DATA SHOWN.
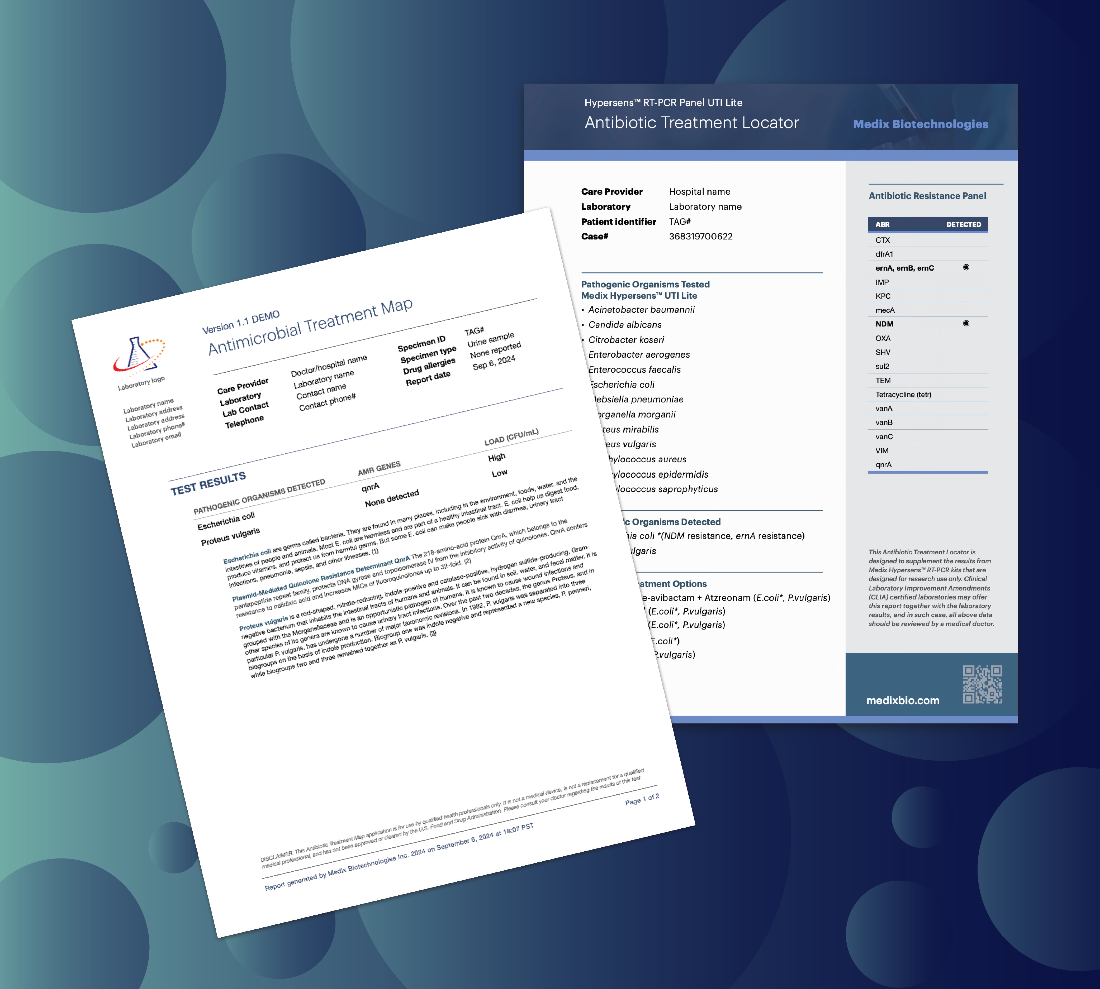 TreatOnce™ clinical decision support software complements Ultrasens™ molecular assays by mapping targeted antibiotic treatment options based on the detected pathogens and antimicrobial resistance genes. Recommendations can be printed in a clear, printable report.
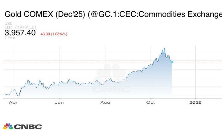 هذا وارتفعت أسعار الذهب بنحو 52% منذ بداية العام لتصل إلى أعلى مستوياتها على الإطلاق عند 4381.21 دولار في 20 أكتوبر تشرين الأول، مدعومة بحالة عدم اليقين الجيوسياسي والاقتصادي ورهانات خفض أسعار واستمرار مشتريات البنوك المركزية.
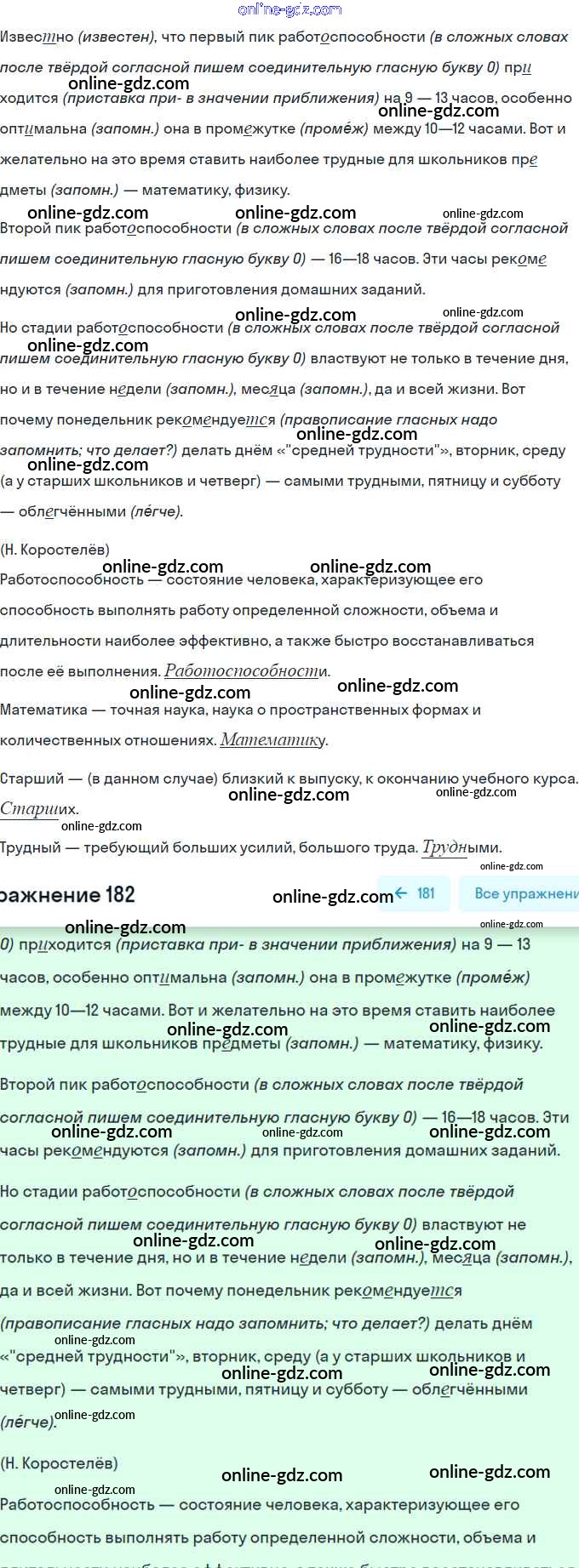 Готовые домашние задания по Русскому языку за 5 класс Рабочая тетрадь Янченко, Латфуллина 2019 - Часть 2. Упражнения 182
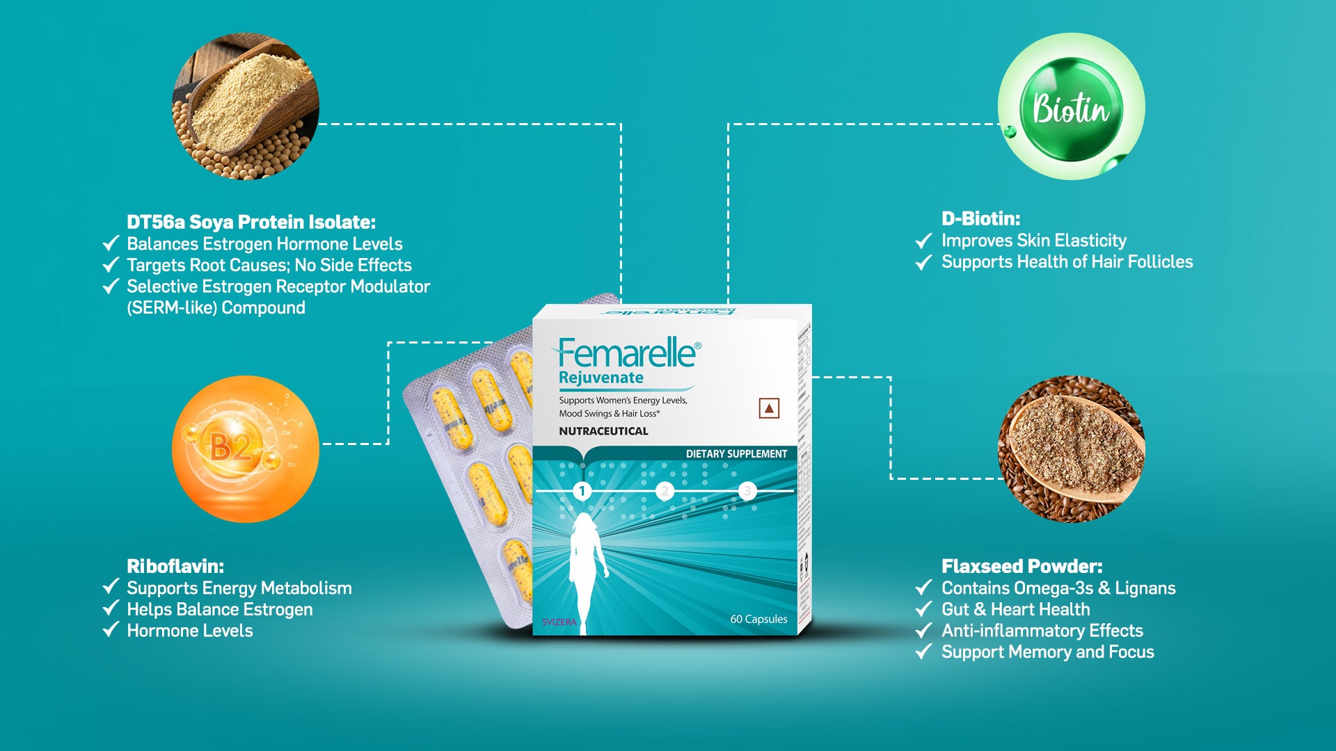 3. Stabilize Mood Swings for Emotional Balance: Femarelle® Rejuvenate includes vitamin B7 (biotin) to support your nervous system and psychological well-being.

PROBLEM STATEMENT.
Only the lines from the one containing "هذا وارتفعت أسعار" through the last line of the data may appear in the answer, each given again exactly and with pictures left out.

EXPECTED OUTPUT.
 هذا وارتفعت أسعار الذهب بنحو 52% منذ بداية العام لتصل إلى أعلى مستوياتها على الإطلاق عند 4381.21 دولار في 20 أكتوبر تشرين الأول، مدعومة بحالة عدم اليقين الجيوسياسي والاقتصادي ورهانات خفض أسعار واستمرار مشتريات البنوك المركزية.
 Готовые домашние задания по Русскому языку за 5 класс Рабочая тетрадь Янченко, Латфуллина 2019 - Часть 2. Упражнения 182
 3. Stabilize Mood Swings for Emotional Balance: Femarelle® Rejuvenate includes vitamin B7 (biotin) to support your nervous system and psychological well-being.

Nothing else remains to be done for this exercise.